Deadspawn by Brian Lumley

‘It was just an assumption,’ Harry told her, quickly. ‘I meant no offence, and I’m not eager to bring back hurtful memories. But it’s hard to see how I can track this bloke down if no one is able to tell me about him.’

Oh, I’d like to see him get his, Harry, she answered. And I’ll help you any way I can. I just hope I can remember enough, that’s all.

‘You won’t know until you try.’

Where do you want me to start?

‘First show me how you were, or how you thought you were,’ he said. For he knew well enough that the dead retain pictures of themselves as they were in life, and he wanted to try and draw some sort of comparison with Penny Sanderson. In short, he wondered if his necromancer quarry followed a pattern.

From her mind he immediately got back a picture of a tall, dark-eyed, leggy brunette in a mini-skirt, with slightly loose breasts unsupported under a blue silk blouse, and a shapely backside. But there was nothing of character in the picture, her picture, nothing to suggest quality of mind or personality; it was all sensual or outright sexual. Which didn’t fit with his first impressions.

So? How was I?

‘Very attractive,’ he told her. ‘But I think you’re selling yourself short.’

Often, she agreed, but without her customary laugh.
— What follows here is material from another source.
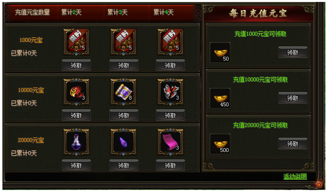 活动期间玩家每日消费达目标,即可领取相应的奖励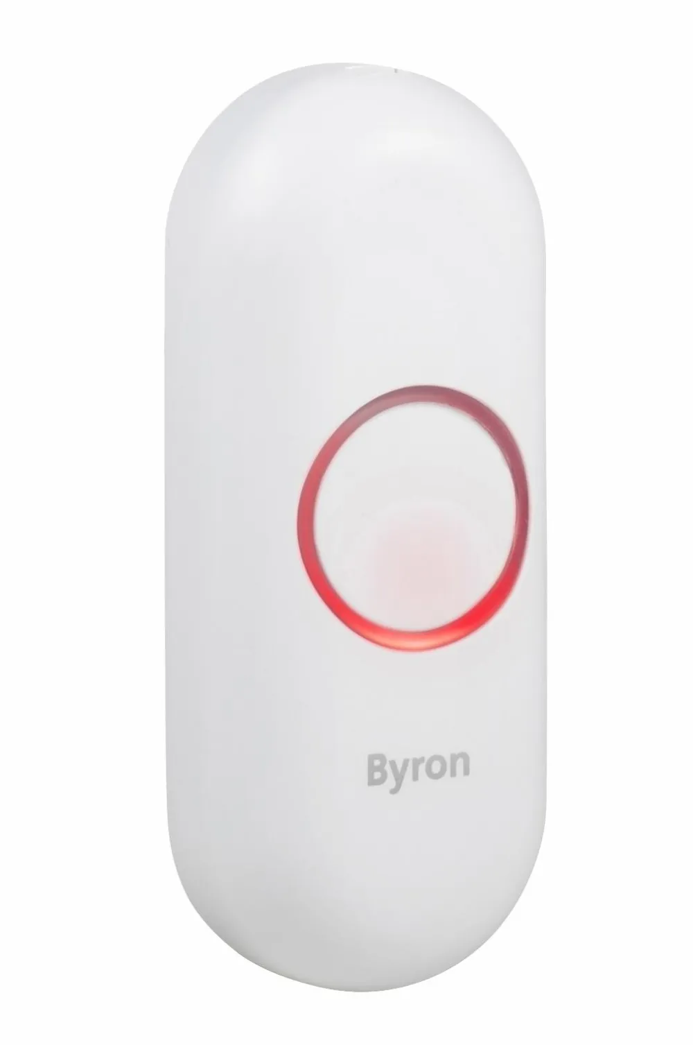 BY510 trådløs trykknap til DBY-dørklokker med LED-indikator. Kompatibel med Byron DBY-serien og har en rækkevidde på op til 100 m. Den kan tilsluttes maksimalt 2 dørklokker. Monteres nemt med 3M-tape. Inkluderer CR2032-batteri og bruger en frekvens på 433 MHz. Kan monteres på væggen og er trådløs. Kompatibel med Byron BY-serien.

Then she sighed, and that was something Harry was used to in the dead. It was the realization of a time and a thing done and finished with, which could never return. But she brightened up at once. And here am I actually talking to a man, and for once not wondering what he’s got in his pants. In the front, and in the back-pocket.

‘Was it always like that, for money?’

And sometimes for fun. I’ve told you, I was nympho. Do you want to get on now?

Harry was embarrassed. She’d given him a stock answer, had obviously heard that question before, often. ‘Was I prying?’

It’s OK, she answered. All men wonder about it, about what goes on in a pro’s mind. But suddenly her deadspeak was very cold. All men except that one, anyway. He doesn’t have to wonder, for he can always find out for himself, afterwards, when they’re dead.

And with that the Necroscope was sure she’d give him all she could. ‘Tell me about it,’ he said.

And she did . . .

It was a Friday night and I went to the dance. Being freelance, my time was my own. I didn’t need a pimp touting for me, taking my money and bringing his friends round for freebies. But the dance was in town and I lived quite a few miles out. After the midnight hour taxis are expensive; Cinders needed her coach home.

That was OK; there are always a handful of likely lads who’ll buzz a girl home on the chance of a grope. And if I liked the guy and if he wasn’t too pushy, maybe he could get more than a grope. A ride for a ride, as the saying goes.

On this occasion I picked the wrong one: no, not our man, but an armful all the same. Once I was in the car his polite, concerned attitude went right out the window. He didn’t know what I was, thought I was just a straight kid but easy meat. He could hardly drive for drooling and wanted to stop in every layby and back alley. I was wearing expensive clothes and didn’t want them ripped up. And anyway I didn’t like him.

He said he knew a place just off the motorway, and before I could tell him I didn’t need it he took the fly-on for Edinburgh. In a layby under some trees he made his move, and got my knee in his soft bits for his trouble! When he could drive again he did, but left me stranded there.

There was a service station a quarter-mile up the motorway. I went there and had a coffee. I wasn’t shaken up or anything, just dehydrated. Too many gin-and-its at the Palace.

But sitting there in this little booth I was joined by a driver. That was how I saw him: a driver. A long-distance man shaking off his weariness with a mug of coffee.